Julian Foad wrote on Thu, Apr 30, 2015 at 10:30:39 +0100:
> Daniel Shahaf wrote (quoting two emails combined):
> > Okay. So what you're saying so far is that the data model will have
> > distinct concepts for "copying" and "branching".
> > Presumably [...] some high-level operations
> > will behave differently if the object operated upon is a branch compared
> > to if it is a plain copy. The interesting question is what those
> > differences will be.
> Usually, in practice, many elements are branched together, and this is
> reflected in the model. Unlike copying, a branch contains a *set* of
> elements. New elements can be added to the set later: this happens,
> for example, when we merge the changes into this branch from a source
> branch in which new elements have been created. Elements removed from
> the branch can be re-added later as the same element ("resurrection").
Okay, so an element is a node (in the svn_node_kind_t sense), and
a branch operation forks a set of elements. Is that set necessarily
a subtree rooted by some node, or could I, say, create a branch that
contains only the elements subversion/*/main.c and no others?¹
You mentioned in an earlier mail that a branch is conceptually "mounted"

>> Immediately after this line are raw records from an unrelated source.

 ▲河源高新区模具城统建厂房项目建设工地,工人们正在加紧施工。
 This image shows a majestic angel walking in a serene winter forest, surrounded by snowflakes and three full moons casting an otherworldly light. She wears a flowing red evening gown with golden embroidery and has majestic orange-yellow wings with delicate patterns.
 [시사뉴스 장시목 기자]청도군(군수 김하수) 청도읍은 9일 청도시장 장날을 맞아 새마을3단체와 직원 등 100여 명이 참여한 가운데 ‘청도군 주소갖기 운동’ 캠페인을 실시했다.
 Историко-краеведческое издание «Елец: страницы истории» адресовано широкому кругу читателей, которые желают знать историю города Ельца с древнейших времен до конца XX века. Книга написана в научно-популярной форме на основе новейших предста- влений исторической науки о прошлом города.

into the fspath space. Is it possible to mount a branch at more than
one point? (If yes, we'd immediately have in-repository hard links.)

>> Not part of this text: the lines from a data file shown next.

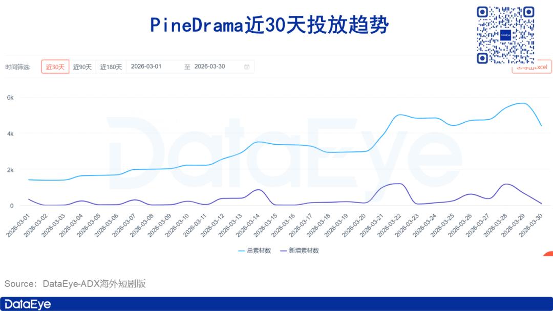 从投放趋势来看, PineDrama自3月初开始加大投放力度,3月初日均投放素材量超2000组,近一周日均投放量已突破4000组,单日最高投放量达5662组。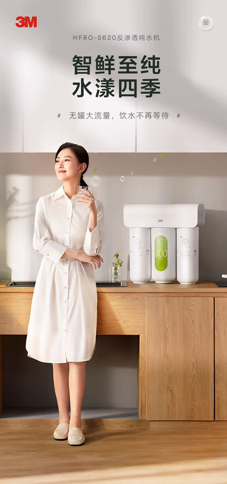 3M套装净水器管线机家用直饮RO反渗透厨下S725/S620大通量3年长效RO膜家用纯水机净饮机 HFRO-S725机器+新款管线机
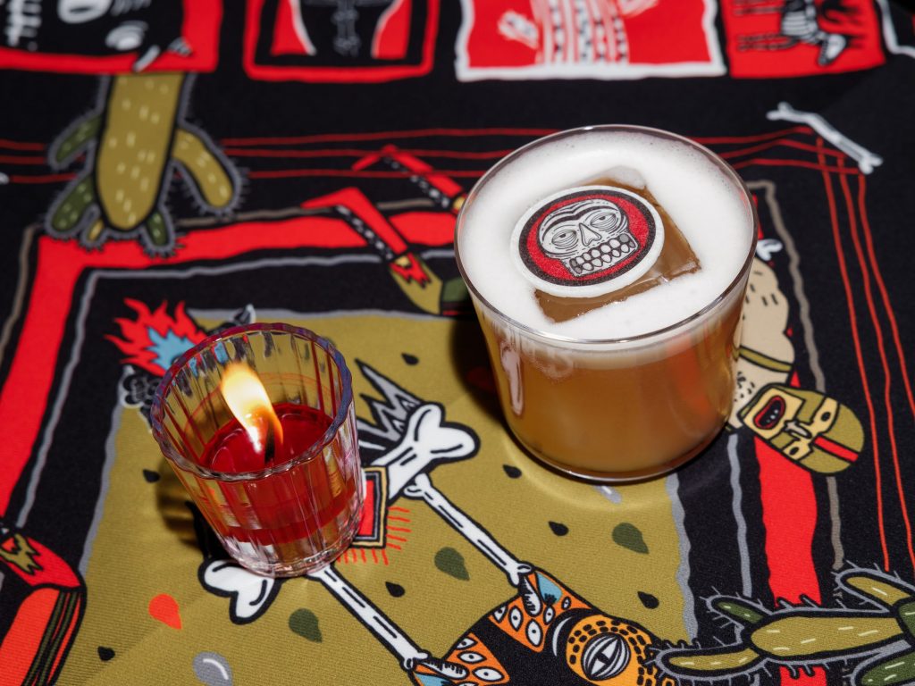 Коллаборация не ограничилась одеждой. К 26 марта в барной карте Sangre Fresca появится спешл-коктейль FIRST IN SPACE (900 руб.), созданный барной командой во главе с Иваном Пикулёвым совместно с командой бренда. Выдержанный ром, манговый ликер, пюре гуавы, сок лимона, соленая карамель и ангостура складываются в плотный, пряный профиль с тропической глубиной и деликатной сладостью. Подача в рокс-кубе с сахарным черепом завершает образ — напиток становится продолжением визуального кода коллекции.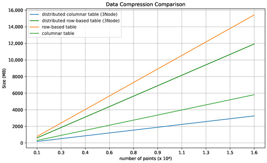 For the comparison of data compression rates, we conducted experiments with four different table types. The types of tables selected were a distributed columnar table, a distributed row-based table, a row-based table, and a columnar table. After each drive, the size of the table was measured. Figure 11 represents the measured data as a graph.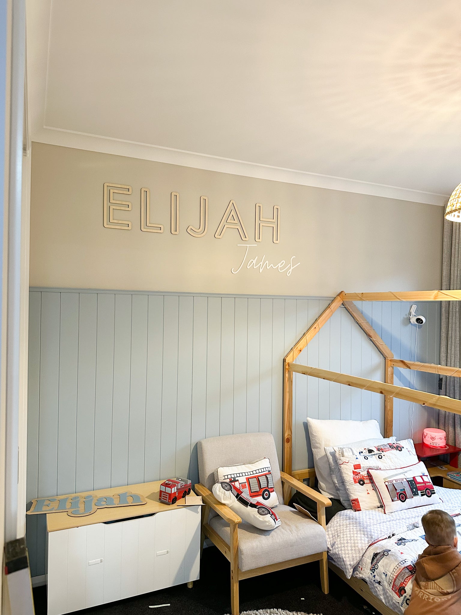 This set will include the first name cut from quality 4mm plywood and the second name in any colour off our colour chart.

¹ That particular glob pattern doesn't match since r1415273, but it
illustrates my point well.
> This is a significant difference from the old model of 'copying' where
> each element (each file and directory) gets an independent new id .
> And it matters particularly when you have the ability to move elements
> around in the tree -- you need a way to track which elements are
> members of which branch.
That's probably not what you meant, but what would 'svn mv ^/foo/iota
^/bar/kappa' do, when /foo and /bar are related branch roots? And when
/foo is a branch root and /bar is a path-wise-child of ^/ created by
I suspect those operations are undefined in the "branches data model"
layer, but defined in the lower-level FS API layer. But maybe there is
a way to make at least the first well-defined?
>  In the existing Subversion back-end, on copying a directory, each
> file and directory in it gets a new copy-id once lazy copying is
> undone. (For modelling purposes, lazy-copying hardly matters. As a
> thought experiment, imagine on top of the old Subversion back-end we
> build a version control system that, as part of its design, always
> makes a small modification to each file and directory when copying.
> Thus we never see 'lazy copying' and always see a new id for each
Sure, lazy copying in particular and copy-ids in general are
implementation details of the FS backends. More generally, we can
identify four API layers: the DAG layer, the FS layer (svn_fs.h), the
new data model for branches/moves, and higher-level functionality on top
of the latter.
> These new ids are independent for each file/dir: there is
> no way to group them into sets.
In the last sentence, "new ids" refers to the existing FS layers' copy
ids in the example, not to the branch/element ids in the mv-t-2 branch,
Let me see if I understand. IIUC, in the new model, elements would know
what branch they belong to, and would have unique ids that persist
through renames within the branch and delete/resurrect cycles. Element
ids would be unique throughout the entire repository, right?
As an alternative, element ids could be made unique only throughout
their branch and all branches that are copy-wise-descendants of the
copy-wise-primogenitor of the branch that contains them — so, for
example, /subversion/(trunk|branches/*) are one "element id space", but
but /httpd/httpd/(trunk|branches/*) would be (together) another "element
id space". After all, merging from httpd/trunk to subversion/trunk
isn't defined; letting them have distinct element-id spaces would
model that undefinedness. (I'm not sure how this compares with
"branch families", which had been eradicated before I took a close look
at the branch. Let me know if I just rehashed something that's been
> Another significant property of a branch in this model is the
> one-to-one correspondence between the (instances of) elements in this
> branch and those in another branch, for the elements that appear in
> both of the branches.
I'm not sure I understand. Are you saying that element ids allow us to
easily answer the question "What has element X on this branch been
renamed to on that branch"? If so, then yes, it does, but how does it
handles bifurcations (such as r1024269) and variants (svn sw ^/branch; svn
cp blue.c navy.c; svn cp blue.c cyan.c; svn rm blue.c) and merges
(suppose we decide to reverse-merge r1024269 into trunk)?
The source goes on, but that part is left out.